Qu’il semble loin le temps où en France l’ordre familial était régi par la référence à la puissance paternelle, et où notre droit était structuré par deux grands principes, que l’on pourrait résumer ainsi : « la mère est certaine, c’est celle qui accouche, le père est toujours incertain », et « on ne peut avoir que deux parents, et deux seulement ». Ce qui posait le mariage au fondement de la vie familiale, en le considérant comme inconditionnel et indissoluble, autant que lieu légitime de la pratique sexuelle et de l’engendrement. Il fallait, en effet, que les règles juridiques sécurisent la filiation en attribuant l’enfant né d’une femme à son mari, avec pour conséquence la nécessité de virginité de celle-ci à son mariage et son obligation de ce qu’on appelait non sans ambiguïté « fidélité » pour désigner une exclusivité sexuelle garantissant l’absence de naissance illégitime. Ce que le doyen Carbonnier, principal réformateur du droit de la famille, avait résumé dans une belle formule : « Le cœur du mariage ce n’est pas le couple, c’est la présomption de paternité » [1].

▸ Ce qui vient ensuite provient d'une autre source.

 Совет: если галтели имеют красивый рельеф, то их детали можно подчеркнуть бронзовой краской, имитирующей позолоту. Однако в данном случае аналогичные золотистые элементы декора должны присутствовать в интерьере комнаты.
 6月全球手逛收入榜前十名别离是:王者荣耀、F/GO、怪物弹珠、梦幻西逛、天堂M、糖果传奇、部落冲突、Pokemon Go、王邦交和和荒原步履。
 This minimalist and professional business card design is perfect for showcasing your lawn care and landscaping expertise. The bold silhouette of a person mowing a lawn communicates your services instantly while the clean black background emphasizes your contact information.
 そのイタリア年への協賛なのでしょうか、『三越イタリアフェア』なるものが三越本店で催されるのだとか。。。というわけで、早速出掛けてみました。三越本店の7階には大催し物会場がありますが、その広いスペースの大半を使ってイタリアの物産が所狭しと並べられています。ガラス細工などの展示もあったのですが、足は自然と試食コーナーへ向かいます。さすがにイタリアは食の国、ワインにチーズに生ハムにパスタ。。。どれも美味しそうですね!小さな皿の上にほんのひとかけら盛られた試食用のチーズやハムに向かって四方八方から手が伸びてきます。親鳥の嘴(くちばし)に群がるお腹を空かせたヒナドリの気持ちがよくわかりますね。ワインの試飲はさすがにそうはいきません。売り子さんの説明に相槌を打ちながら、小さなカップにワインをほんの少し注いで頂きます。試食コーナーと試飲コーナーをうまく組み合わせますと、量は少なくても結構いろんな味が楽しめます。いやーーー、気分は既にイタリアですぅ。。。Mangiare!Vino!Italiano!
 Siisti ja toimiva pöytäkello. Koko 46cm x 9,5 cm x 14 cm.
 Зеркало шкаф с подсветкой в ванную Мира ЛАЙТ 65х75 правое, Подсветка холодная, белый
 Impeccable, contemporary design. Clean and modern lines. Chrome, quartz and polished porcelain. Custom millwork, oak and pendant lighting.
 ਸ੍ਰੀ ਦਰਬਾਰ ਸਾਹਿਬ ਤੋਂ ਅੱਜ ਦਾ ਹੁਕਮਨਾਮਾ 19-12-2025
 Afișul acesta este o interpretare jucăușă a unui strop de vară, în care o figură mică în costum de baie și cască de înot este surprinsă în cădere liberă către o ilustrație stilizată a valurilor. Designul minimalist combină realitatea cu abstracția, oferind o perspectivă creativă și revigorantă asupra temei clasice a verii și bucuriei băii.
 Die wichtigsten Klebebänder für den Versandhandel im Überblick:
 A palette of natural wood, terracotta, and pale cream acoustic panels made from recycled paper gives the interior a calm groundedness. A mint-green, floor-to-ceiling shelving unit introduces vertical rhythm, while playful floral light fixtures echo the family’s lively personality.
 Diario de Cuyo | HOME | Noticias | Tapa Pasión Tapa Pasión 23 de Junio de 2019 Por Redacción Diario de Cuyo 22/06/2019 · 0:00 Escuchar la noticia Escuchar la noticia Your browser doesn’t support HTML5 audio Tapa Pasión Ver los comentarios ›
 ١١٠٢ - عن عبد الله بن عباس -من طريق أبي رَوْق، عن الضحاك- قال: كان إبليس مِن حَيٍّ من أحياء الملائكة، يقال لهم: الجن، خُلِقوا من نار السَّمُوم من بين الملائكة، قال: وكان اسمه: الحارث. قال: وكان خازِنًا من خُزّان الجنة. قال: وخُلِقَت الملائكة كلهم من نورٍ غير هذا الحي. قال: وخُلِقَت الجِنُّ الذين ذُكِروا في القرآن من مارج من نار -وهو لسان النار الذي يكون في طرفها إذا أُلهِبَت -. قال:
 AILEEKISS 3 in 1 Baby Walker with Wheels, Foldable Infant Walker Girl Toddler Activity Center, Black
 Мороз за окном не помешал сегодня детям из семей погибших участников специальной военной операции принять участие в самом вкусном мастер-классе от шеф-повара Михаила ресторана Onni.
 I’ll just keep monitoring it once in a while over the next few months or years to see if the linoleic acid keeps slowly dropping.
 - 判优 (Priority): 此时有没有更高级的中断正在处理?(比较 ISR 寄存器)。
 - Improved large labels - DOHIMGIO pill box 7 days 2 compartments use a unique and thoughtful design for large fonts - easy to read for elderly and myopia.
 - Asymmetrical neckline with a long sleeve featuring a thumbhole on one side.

Aujourd’hui, un mariage sur deux se termine par un divorce, plus de 60 % des enfants naissent hors mariage, la paternité biologique peut être certifiée par l’ADN et la maternité biologique scindée en deux lorsqu’il y a don d’ovocyte. Voici venu le temps des incertitudes !
Sous l’Ancien Régime, cet ordre institué était d’autant plus difficile à contester qu’il était consacré par la religion et que le mariage constituait un des plus importants sacrements régissant la vie d’une société de croyants…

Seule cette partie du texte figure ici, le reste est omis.